Signals (all reported as P9):

Vertical: 20+ consecutive blank or whitespace-only lines. MEDIUM, raised to HIGH when content follows a gap of 40+ lines. Confidence 0.8 with trailing content, 0.6 without.
Horizontal: 80+ consecutive whitespace characters in a line, including leading indentation. MEDIUM, confidence 0.7.
Ratio: a contiguous whitespace block over 2 KB, or whitespace over 90% of a file larger than 4 KB. LOW, confidence 0.4.

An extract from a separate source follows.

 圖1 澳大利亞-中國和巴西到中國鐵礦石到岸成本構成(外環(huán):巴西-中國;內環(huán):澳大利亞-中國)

Whitespace is classified by Unicode category rather than ASCII space/tab: controls (\t \n \r \v \f), categories Zs/Zl/Zp (U+00A0, U+2028, U+2029, U+3000, and so on), and the zero-width family (U+200B/C/D, U+2060, U+FEFF). That zero-width set is now one shared constant (ZERO_WIDTH_CHARS) used by P2's regex and the mcp_tool_poisoning zero-width check, so the two cannot drift; the MCP check also picks up U+2060/U+FEFF.

Each finding points at the line where padding starts and includes a visible snippet of what was hidden (for example U+00A0 x82 or \n x80).

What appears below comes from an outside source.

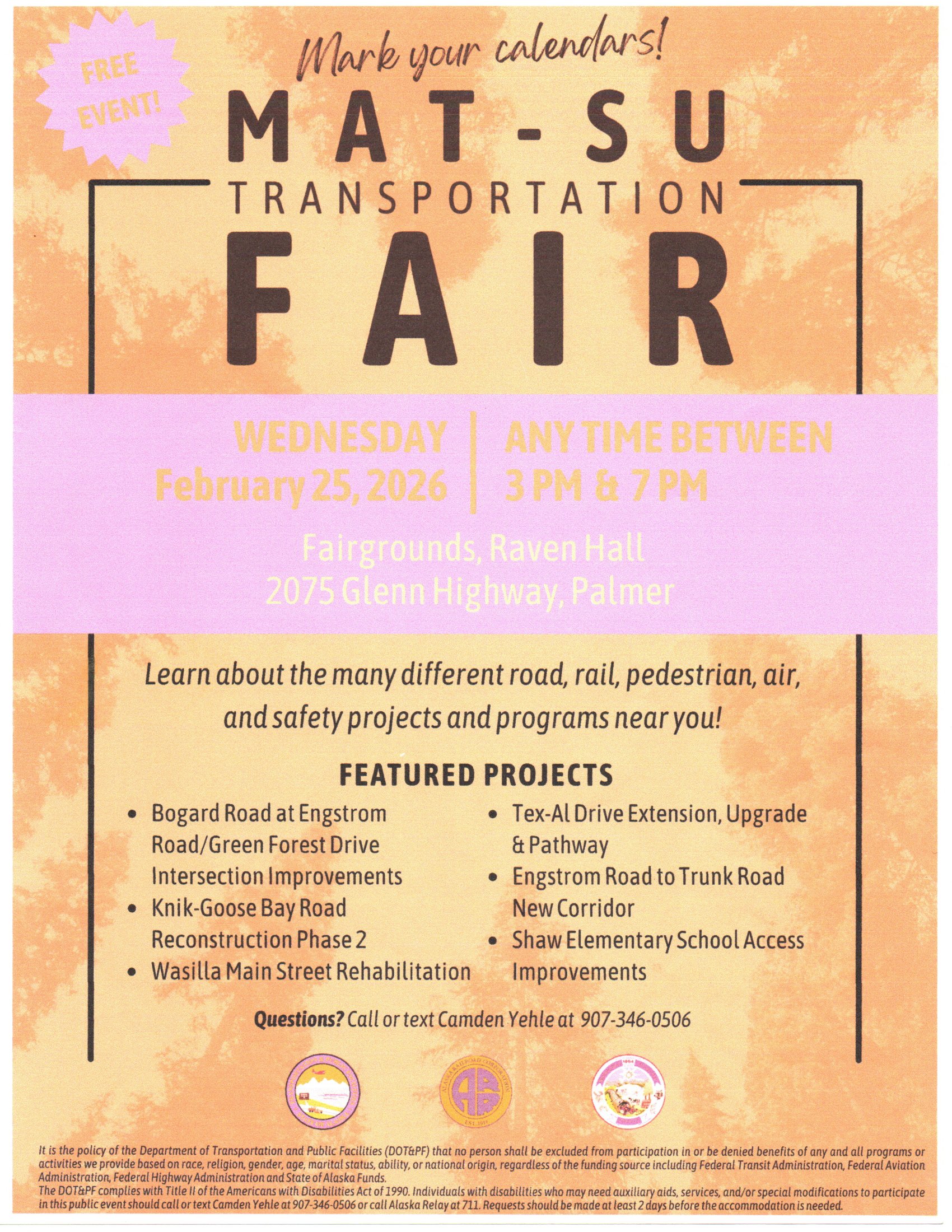 Mat-Su Transportation Fair Wednesday February 25, 2026 At The Fairgrounds.For more information call Camden Yehle @ 907 346 0506

False-positive guards: markdown fenced code is skipped for the horizontal signal; vendored files are skipped (*.min.js, *.min.css, *.lock, package-lock.json, yarn.lock, *.svg, *.map); binary-ish content (containing U+FFFD) bails out; the ratio signal stays at LOW. Eval-dataset prose and files over 1 MB are already skipped upstream.

MCP manifest description fields are covered by the same detector (horizontal and block signals; the per-file ratio signal is skipped since fields are short).

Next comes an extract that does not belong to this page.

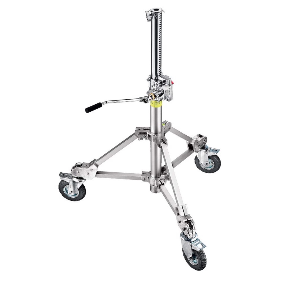 The B7018 Strato Safe Stand is the smallest stand in terms of height in the Avenger Strato Safe Family! The Aluminium legs and chrome steel column are capable of handling loads up to 100 kg/220 lbs at a max height of 175 cm/68.9 inches. Equipped with foam-filled braked multi-directional 80 mm wheels(#474) the B7018 is capable of easily moving the biggest lights into position on different types of terrain. The heavy-duty gearbox uses a removable ratchet handle that easily raises and lowers the most demanding loads. Includes ratchet handle B9005R. When the ratchet handle is not in use you can store it on the side of the top casting which is situated and attached to the lower column. Recommended Accessories: 425B, D650, E200, G300, C626, 087WBK, C590, F100, C461-1, C4461-1 Specifications Weight: 30.7 kg Maximum Height: 175 cm Payload: 100 kg Closed Length: 126 cm Footprint Max Diameter: 120 cm |

Tests cover all three signals at their thresholds, the full Unicode evasion set, the false-positive guards, and the MCP path. Thresholds are named constants, easy to tune against a real corpus. Happy to adjust the signals or thresholds before merge.

Plan for issue NVIDIA#20 — detect large whitespace padding used to hide prompt-injection instructions from review. Co-Authored-By: Claude Opus 4.8 (1M context) <noreply@anthropic.com>

…VIDIA#20 comment

…up, tests)

…mpleted/

Co-Authored-By: Claude Opus 4.8 (1M context) <noreply@anthropic.com>

rng1995

This is a high-quality addition. I read the detector end to end and the design is sound for an anti-evasion rule.

Strengths

Detection is genuinely Unicode-aware: is_padding_char covers ASCII controls, the Zs/Zl/Zp categories, and the explicit zero-width family, rather than ASCII space/tab only — that closes the obvious bypasses. _split_lines treating CR/CRLF/U+2028/U+2029/U+0085 as boundaries (and the offset table with the trailing sentinel) keeps char-offset math correct, and the boundary off-by-one cases are tested.
All scanning is linear (finditer on a simple alternation, anchored per-line fence match, char/line while-loops), so there's no ReDoS exposure on attacker-controlled content. The only regex change to P2/the MCP check is swapping a literal class for one built from the shared ZERO_WIDTH_CHARS set — same/expanded code points, still a plain character class.
Folding the zero-width set into one shared constant is a real improvement: it prevents P2 and the mcp_tool_poisoning hidden-text check from drifting, and it correctly extends the MCP check to U+2060/U+FEFF.
Sensible false-positive handling: fenced-code skipping for the horizontal signal, vendored/generated globs (P9-only), the ratio signal capped at LOW, dedup so one oversized span doesn't triple-report, and severity/confidence weighting per signal. Thresholds are named constants, which makes corpus tuning trivial.
Tests are thorough: each evasion code point inline and vertical, the MCP description path, threshold boundaries, CRLF/LF offsets, block/ratio dedup, fence and skip-glob guards, and the binary bailout.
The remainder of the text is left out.